§ Directions:
Each line below must be set down exactly; omit any image you find.
───── Record set ─────
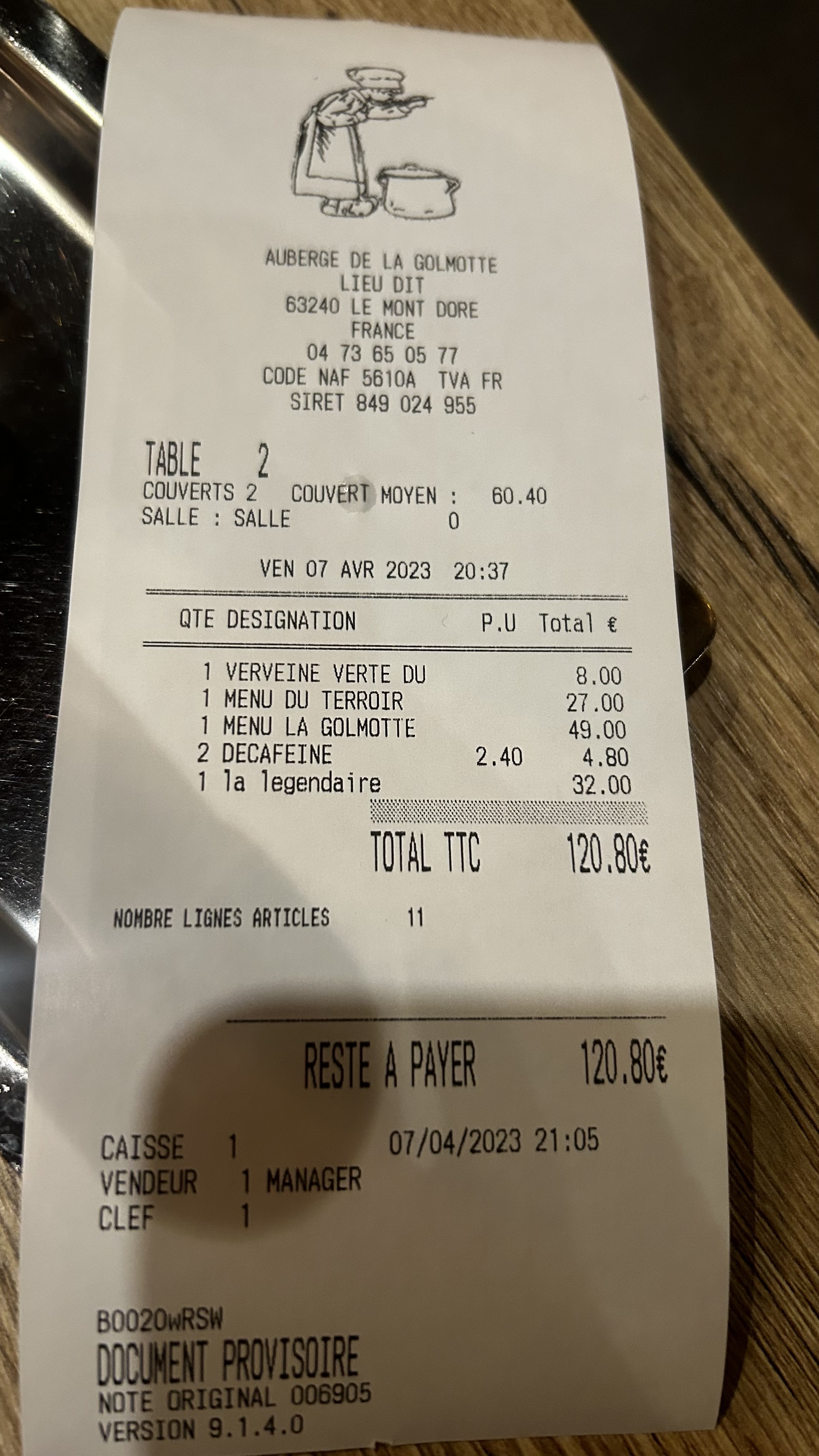 Que dire ?? C est délicieux de l entrée au dessert un vrai régal Un conseil réservez à la Golmotte quand vous serez près du mont dore Bravo au chef
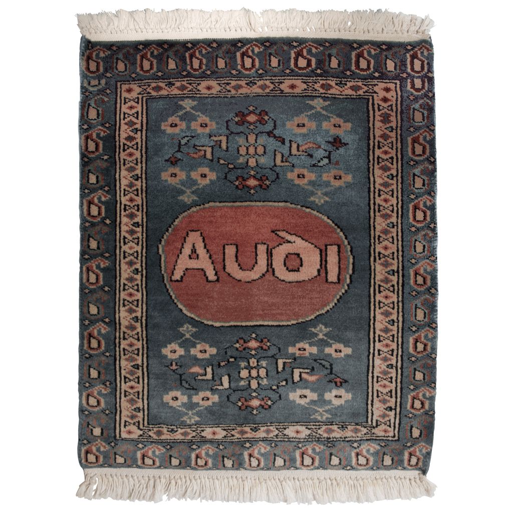 Vintage Audi Afghan Rug features the Audi logo in red.
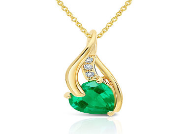 Collier en Or 375/1000 Émeraude taille Coeur et Diamants
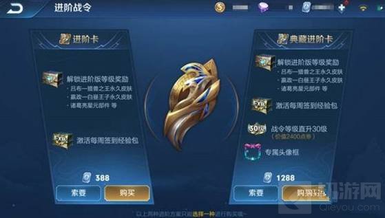 1.荣耀战令价格:388和1288只能选择一个,只能买一次。荣耀战令等级提升只有两个选择,肝或者氪,当然升级最快的就是氪金了。
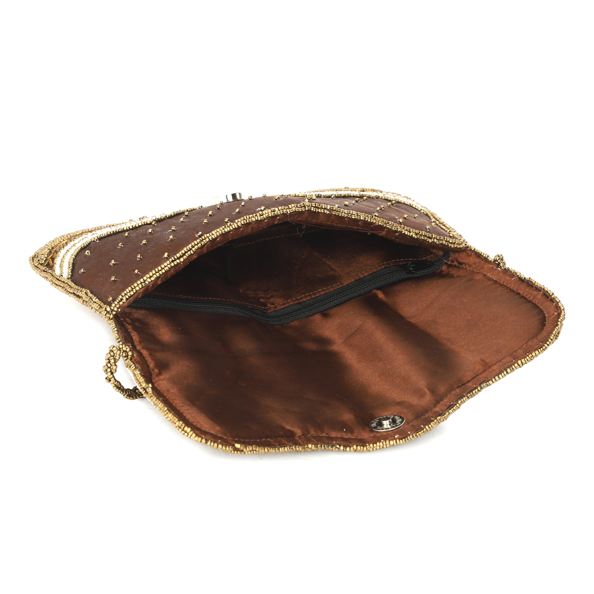 Make a timeless statement with our Glass bead Design BROWN Clutch Purse, perfect for weddings, parties, and special events. This elegant clutch is adorned with intricate pearl detailing, adding a touch of luxury to any outfit. Compact yet functional, it provides enough space for your evening essentials like your phone, cards, and lipstick.
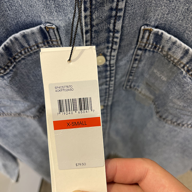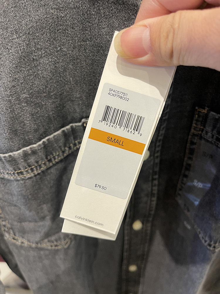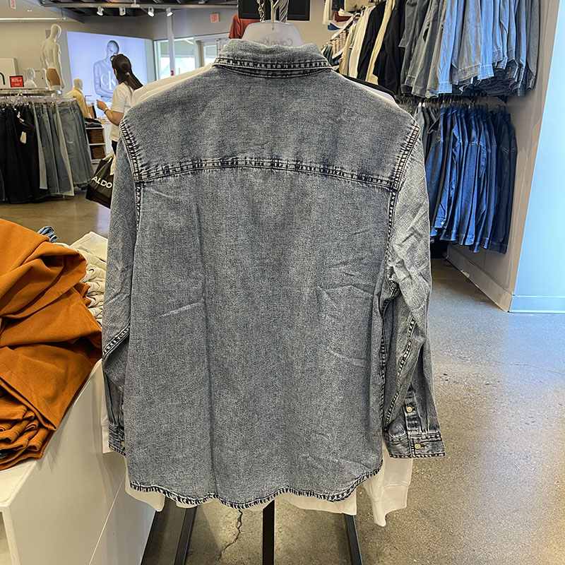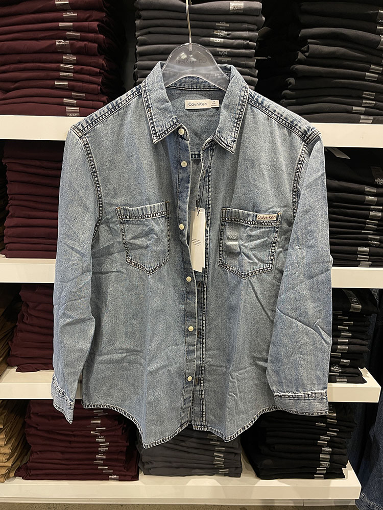 Calvin Klein/CK 男士胸前双口袋袋口LOGO尖领牛仔衬衫
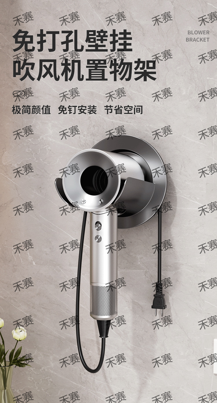 국경 간 뜨거운 판매 헤어 드라이어 저장 랙 펀치없는 옷걸이 벽 교수형 욕실 스크래치 방지 헤어 드라이어 저장 소스 공장스토어 가기
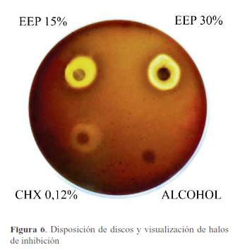 En el presente estudio de tipo experimental se buscó evaluar el efecto inhibitorio in vitro del EEP al 15% y 30% sobre cepas de Lactobacillus acidophilus con gluconato de clorhexidina al 0,12%.
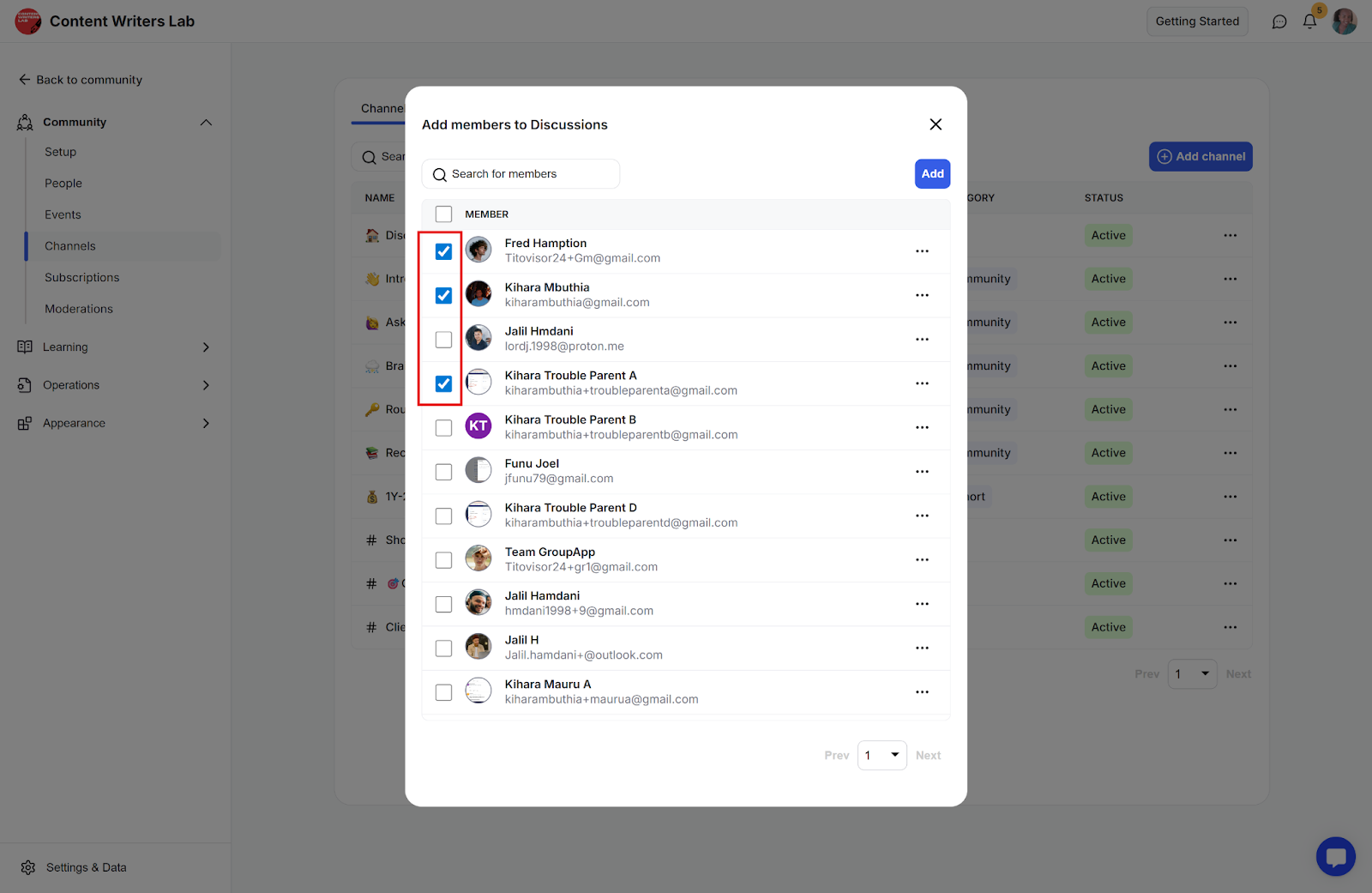 Step 4: A list of members will appear. Tick the checkboxes next to the members you want to add.
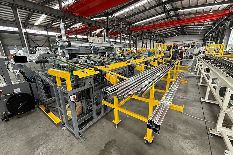 Home / Products / Drywall Profile Roll Forming Machine / Stud and track automatic change width height thickness roll forming machine with auto packing system
─────
§ Solution to the exercise:
 Que dire ?? C est délicieux de l entrée au dessert un vrai régal Un conseil réservez à la Golmotte quand vous serez près du mont dore Bravo au chef
 Vintage Audi Afghan Rug features the Audi logo in red.
 Collier en Or 375/1000 Émeraude taille Coeur et Diamants
 1.荣耀战令价格:388和1288只能选择一个,只能买一次。荣耀战令等级提升只有两个选择,肝或者氪,当然升级最快的就是氪金了。
 Make a timeless statement with our Glass bead Design BROWN Clutch Purse, perfect for weddings, parties, and special events. This elegant clutch is adorned with intricate pearl detailing, adding a touch of luxury to any outfit. Compact yet functional, it provides enough space for your evening essentials like your phone, cards, and lipstick.
 Calvin Klein/CK 男士胸前双口袋袋口LOGO尖领牛仔衬衫
 국경 간 뜨거운 판매 헤어 드라이어 저장 랙 펀치없는 옷걸이 벽 교수형 욕실 스크래치 방지 헤어 드라이어 저장 소스 공장스토어 가기
 En el presente estudio de tipo experimental se buscó evaluar el efecto inhibitorio in vitro del EEP al 15% y 30% sobre cepas de Lactobacillus acidophilus con gluconato de clorhexidina al 0,12%.
 Step 4: A list of members will appear. Tick the checkboxes next to the members you want to add.
 Home / Products / Drywall Profile Roll Forming Machine / Stud and track automatic change width height thickness roll forming machine with auto packing system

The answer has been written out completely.